The last time I posted on this site was Jan 1, 2016. The last time I posted anything on the web was on my "web-sight" forum back in May of this year. Here's a link just in case you want to wander back and take a look at my "experiment". http://mboyd59.wixsite.com/web-sight
What have I been up to you might ask? (Pause) Go ahead ... ask!! (Pause) Thanks for asking. You're so kind. (Blush) Okay. What have I been doing with myself since we last chatted on the world wide web. NOTHING!! Not a damn thing! We'll that is not completely true. Since May I attended the PEI Screenwriter's Boot Camp where I developed and refined my pitch for a TV series based on this blog. http://www.peiscreenwritersbootcamp.net/home
By the way. Thanks to the wonderful organizer Louise Lalonde, my team's workshop guru Hanna Cheesman AND my good friend and producer, Donna Davies. Without Donna's encouragement I would not have gone to the event and realized that I still had something to say. It was also the beginning of my very slow emergence from a self imposed exile. After that was the summer, which meant a week in PEI with some of my favorite campers/friends and in September, the trip of a life time for my wife and I. We went to Europe on an 11 day cruise through Italy, Greece and eastern Europe. Fantastic!

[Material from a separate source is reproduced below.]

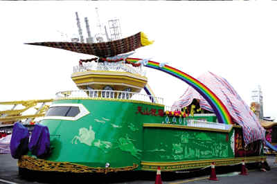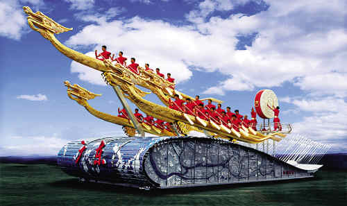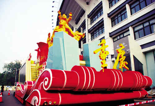 新快报讯(记者 陈淇铧 通讯员 刁定宏 实习生 赵庆)10月1日,新中国成立60周年庆典当天,昂扬前行的五条金龙将出现在群众游行队伍中。碧波珠水,渐渐潮涌。鼓声雷动,桨手振臂一吼,奋力挥划……这精彩的“赛龙夺锦”,就浓缩于广东彩车“方寸之间”。“参加检阅的彩车,全国有60多辆。一进彩车村,一见我们的车,央视焦点访谈就直奔过来了,北京市委书记刘淇则悄悄竖起了大拇指……”在昨日的通报会上,省文化厅副厅长杜佐祥难抑欣喜。
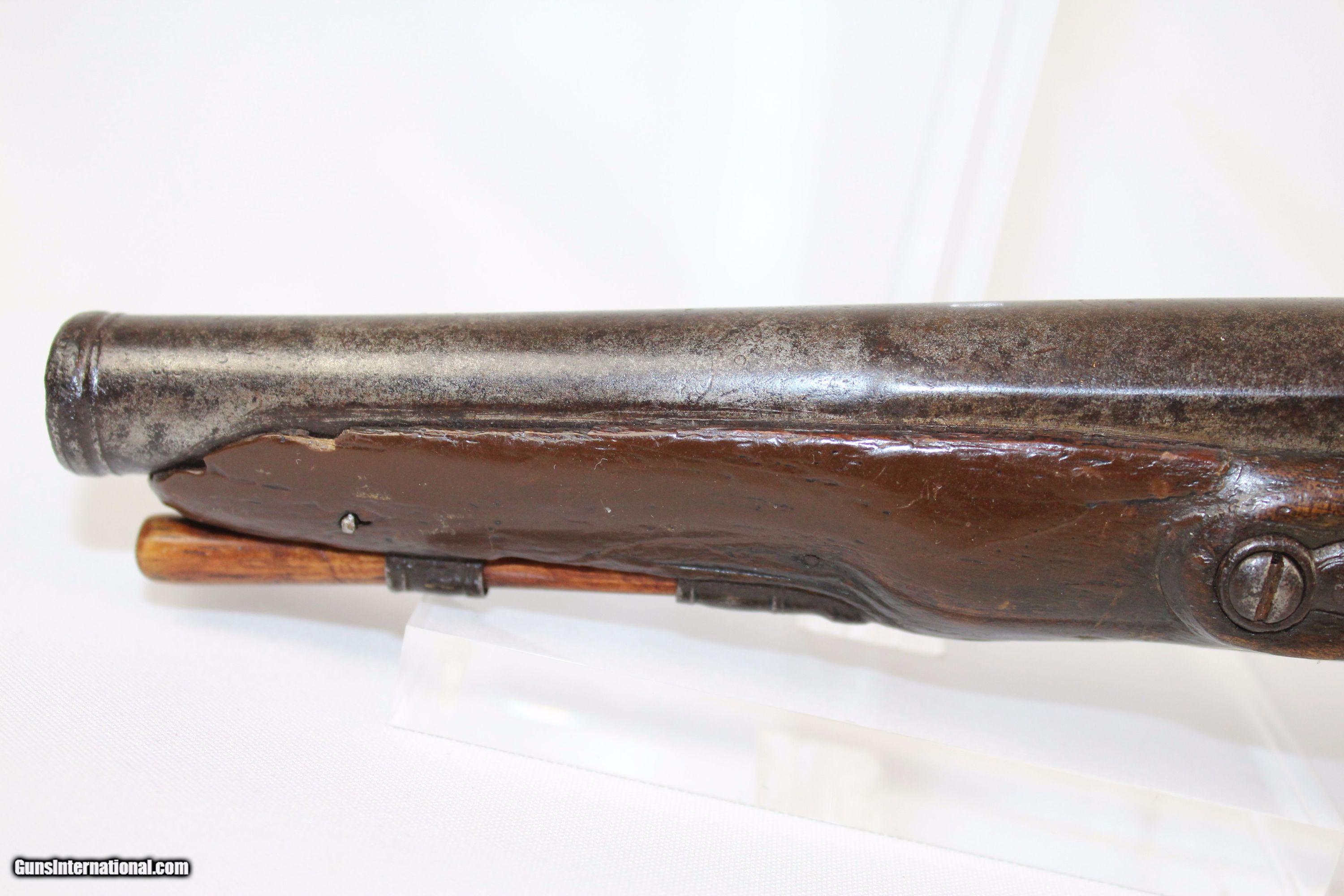 Description: Crested EUROPEAN Antique Percussion Pistol Made Circa 1830 with Interesting Crest Here we present an antique European Percussion Pistol, made circa 1830 in Europe. This smaller belt pistol bears a pewter crest in the wrist of the stock. A crown proof is located on the left side of the canon-shaped barrel. The overall condition is good. The metal parts are dark gray with age. The wooden stock shows extensive use, with a repair made to the 3-inch section near the muzzle. The bore is smooth and untouched. The action is excellent. Own the original! This is a legitimate antique and not a reproduction. Barrel is 6-1/2 inches. Caliber: .62 Percussion Overall condition as seen in photos. Very Fast. Very Safe. FREE SHIPPING WORLDWIDE. Delivered directly to your door by express mail! Guaranteed AUTHENTIC & Includes CERTIFICATE OF AUTHENTICITY. ancestryguns $800 #5165 SOLD Antique: Yes |

So, why was I in exile you ask? Again ... thanks for your concern. It really means a lot to me. But let me answer. Basically I was stuck. The fog and heaviness of depression, anxiety and ADHD took a large toll on me over the last year. I was not only stuck creatively, I was also frozen in a job I knew did nothing to nurture my creativity. So I left. September 2, 2016 was my last day at the call center and I do not regret it one bit. I had committed six years to trying to make myself fit into that world and try as I might it just did not happen. I needed to push myself away from that atmosphere and get my creative soul back.
Now, it has not been like riding a bike. Over the last few weeks I have fallen a number of times and some of the scabs are still healing but I am getting right back on and will continue to get back on until I find what I am looking for. As always I must thank and be forever grateful to my wife and partner. She has endured so much and while a bike for two is tough to ride we continue to work towards mastering it.
So, not exiled anymore. Good. Being out of work. Not great but better than being where I don't belong. Trying to find myself again ... always a good thing. And hey... if you know a good place where I might fit in let me know. I'm ready to go.